Fathers and Daughters

I’ve been thinking a lot about fathers and daughters lately.  I guess that’s partly because my sweet wife lost her father this summer.  He was an amazing man who loved and led his family well.  I’ll never forget the privilege of watching and listening as his children circled his bed for the last time and prayed and thanked God for all their dad had meant to them.  I remember thinking that what I was witnessing had to be every father’s dream come true.  I know it would be for me.  It was a fitting tribute to a life well-lived; a life invested in all the right things and all the right people.  But at the same time I felt really sad for my wife; because I knew his passing would leave a void in her life—an absence.  After all, a father’s presence in a girl’s life is such an important thing; meant to bring stability and security and safety and guidance...and so much more. 



That made me start thinking about other daughters that experience that absence too.  It must be a really tough thing to go through, especially the younger you are.  I’m not sure how old the woman was in Mark 5:25-34; or whether she had a father in her life at that point or not.  But I do know that in her time of greatest need, he didn’t seem to be around.  Imagine if you were her.  Here you have carried on a twelve year battle with this bleeding inside of you, that not only took a huge toll on your body, but also on your heart and soul.  Not only did she have the physical effects to deal with, but she had the social and spiritual effects as well—she was unclean.  She was damaged goods, a reject, a social and spiritual outcast.  Who knows, maybe this was the reason her father was not around.  Whatever the reason, she appears to be alone and desperate as she approaches Jesus in the crowded street.  And to make matters worse, she had just watched a desperate father come to Jesus pleading and begging him to come heal his little girl.  That just had to add to the pain.  I mean here is a loving and noble father coming to Jesus fighting for the life of his twelve-year-old daughter; and here she is alone and desperate.  Where was the father than would travel unlimited miles to fight and plead for her?
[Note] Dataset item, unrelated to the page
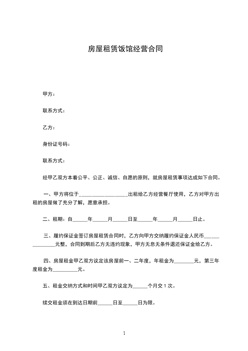 一、甲方将位于___________________出租给乙方经营餐厅使用,乙方对甲方出租的房屋做了充分了解,愿意承担。

Obviously Jesus recognizes this.  Because when he heals her, what does he call her?  Daughter!  Almost as if to say, “I know that there is an absence in your life.  I know that you long for a loving father that will care for you and protect you and provide for you and fight for you.  Well, don’t worry little one, because I am that Father.  You are my beloved daughter.”  Jesus becomes the father she always longed for.  And because of that, the healing goes far deeper than her body and her bleeding, but it goes clear down to her heart and her soul.  Jesus replaces the absence with a Presence…with the Presence…with His presence.  And he will do the same for my sweet wife as well.  Thanks be to God.